On the seashore, upon an island, stood a village of the Maritime people. The village was very large, the houses were more numerous than the leaves on a tree. Several people began to talk among themselves. "Let us travel, that we may see all the wonders of the sea!" One of them was "a knowing one." 1 He knew all kinds of incantations, even the chief incantation of the Zyrian people. These Zyrian people were an ancient heathen tribe, who lived on the seashore. 2 All the other travelers were quite common people. They entered a skin boat and started off. After a long time the winds and the currents carried them toward an island. They landed at a safe place and walked along the shore. It was a broad strip of sand, and higher up was a steep bank of firm ground. On it were the houses of people. They climbed the bank, but the houses had disappeared. The entrances were not to be found. Only a number of willow bushes were scattered about and wherever they stepped, or wherever they put their feet a great clamoring of children came up from underground. The whole
bank resounded with the noise of their voices. At last they found an entrance among the roots of a willow bush, and entered a house, which lay entirely underground. The people bade them welcome, and gave them food and drink. These people were Polar Fox people. All of them were quite young and strong. Only one was an aged, decrepit old man who could hardly walk about, even with the help of his long staff. The other people soon went out; but the old man stayed behind, and immediately said to the guests, "O you Christians! 1 if you are such, indeed, do not stay here for a single night, but rather sail away. While walking above, you trod down ever so many Fox children. If you should stay here for a night, they would certainly kill you out of spite and revenge. Take warning and go away in time. So they entered their skin boat and sailed away. They moved on for a long time, and at last they saw another island. On that island was a village and some people were living there. In front of the island, in the sea, stood a tree of gigantic size, full of boughs. These boughs and branches were so close to one another, that not even a finger could be thrust in between them; and in the middle of the trunk there was an excrescence, ever so large. They stopped their skin boat and gazed at the new wonder. The tree stood bolt upright; then all at once it bowed down lower and lower, and at last was immersed in the water, boughs, excrescence, and all--and vanished from sight. Then they saw on shore a number of people, all one-sided, 2 running to and fro, and catching fish. They were just like ordinary men split in two. The two halves would meet and stick together and would become whole men. Then they would part again, and each half would race along the shore so swiftly that it would outrun a flying bird. These halves of men were catching fish in the following manner. They spread their fingers, ran down into the water and vanished in the sea. After a while they came back on a run and to every finger a fish was hanging. They caught the fish with their fingers. After that the big tree would also emerge from the water, bough after bough, and stand straight up again, as before; but it would be thoroughly white from the mass of fish on it. Every little bough would have a fat fish hanging on it. The tree stood up and trembled, as if alive; and then all the fish were swung up to the excrescence, when they vanished. 3
The voyagers gazed upon these wonders, but, being afraid of the one-sided people, they did not land there, but sailed by. After a while they were carried off to still another island. They landed there, and walked along the shore. A village stood there, with numerous houses. They approached, and saw near the village, down the steep bank, a great mass oi food lying in heaps higher than a man's stature. It was mostly meat of wild reindeer. The people had neither anus nor urethra. They killed many wild reindeer. Then they cooked the meat in huge iron kettles. When it was done, they put the kettle under their bare armpits and kept it there for a while. They lived on the steam they inhaled through their armpits. After that they would turn the kettles over and throw all the meat down the bank. The voyagers felt very hungry, and wanted to eat of this strange refuse; but all of a sudden there came from the houses men with long staffs, who shouted to them, "Don't touch that meat! It is bad. Rather come here! We will give you good meat, we will feed you with clean provisions. That is offal!" 1 They entered the nearest house. The people of the island gave them the choicest meat and dried fat and brought in large bladders filled with pure oil. They ate heartily.

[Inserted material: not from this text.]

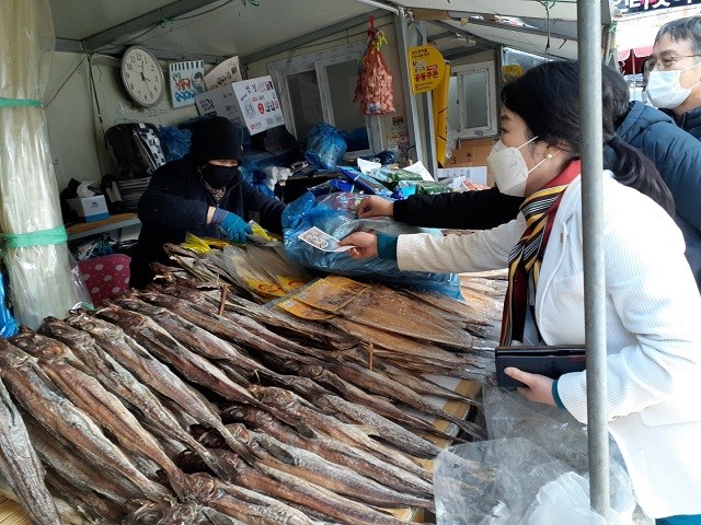 | ▲ 광주환경공단 임직원들과 전통시장 장보기에 함께한 임미란 시의원 / 광주환경공단 제공 |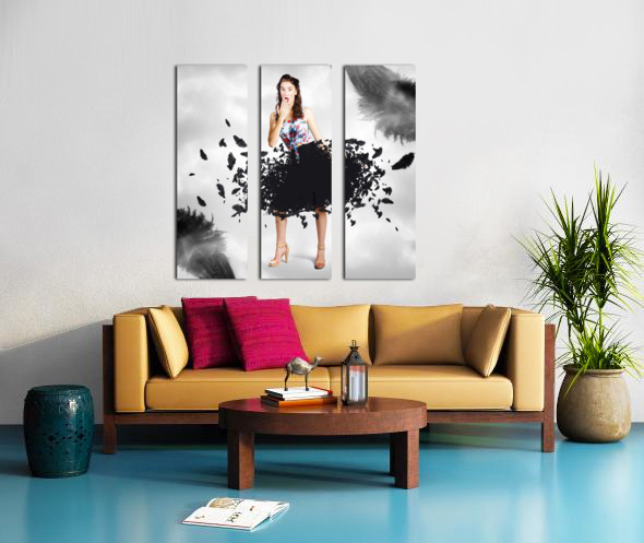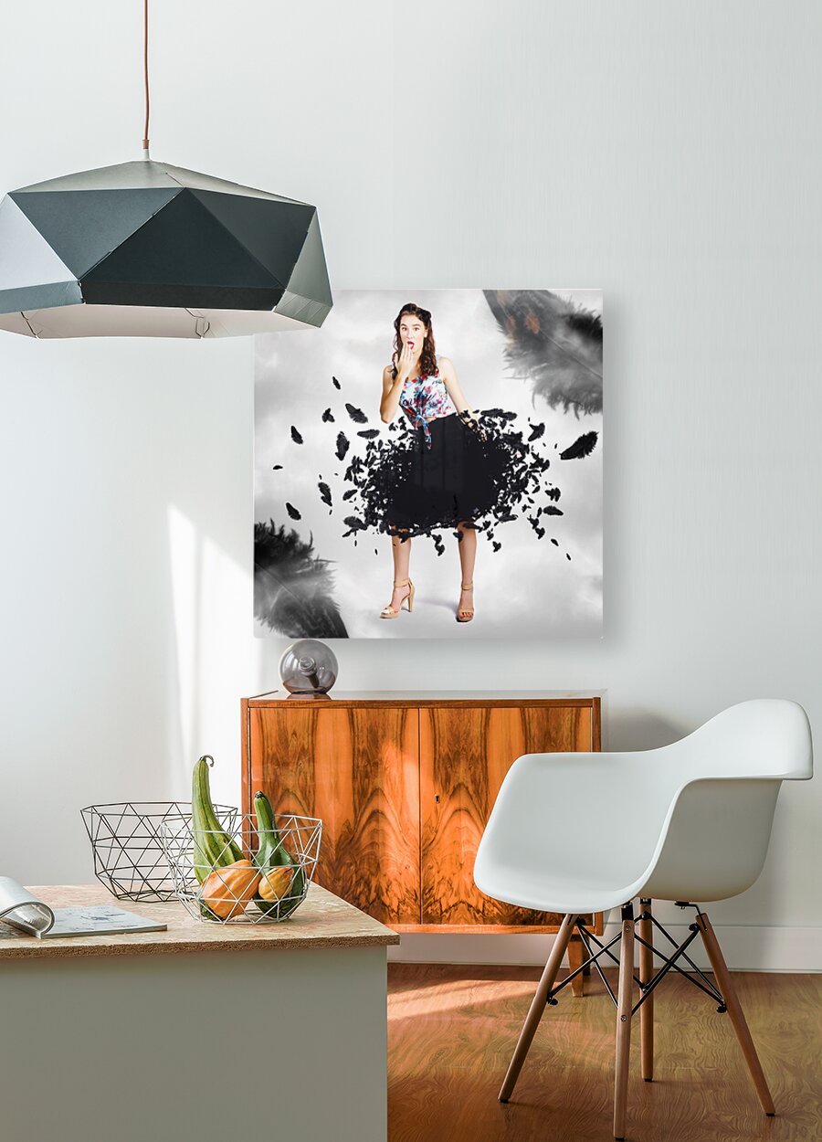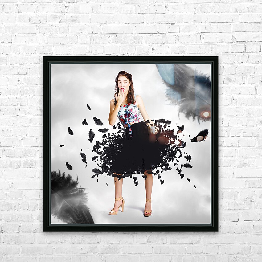Brunette pin-up woman in gorgeous feather skirt Frame print

An old man was sitting opposite them, and was all the time attentively watching their doings. "Ah!" said he, "so this is your manner of eating! It seems you relish it." The "knowing one," the man with incantations, wanted him to do the same. "Do try and have a morsel!" "I wish I could!" said the old man; "But you see yourself, with your own eyes that we have neither anus nor urethra. What, then, would become of, me?" The other one, however, did not desist. "Ah, father! Do take a morsel! I will arrange that you may enjoy it without danger." "Ah!" said the old man, "I have lived long enough; so let me try it once, though I die from it!", He took a small bit and swallowed it. "Ah! it is sweet." He took another piece, and by and by had eaten a large and hearty meal, in the manner of human beings. In due time, however, he felt uncomfortable, and shouted, "My buttocks prick me, my buttocks prick me!" Tears started from his eyes from pain. The man with incantations took a splinter of drift larch-wood and made it round and sharp-pointed. He pronounced several incantations over it, and then thrust it through the old man's breeches, thus making an anus for him. In a similar manner he made for him also a urethra. At the same moment the old man eased himself in both way and became like an ordinary man. But the others were without openings, as before.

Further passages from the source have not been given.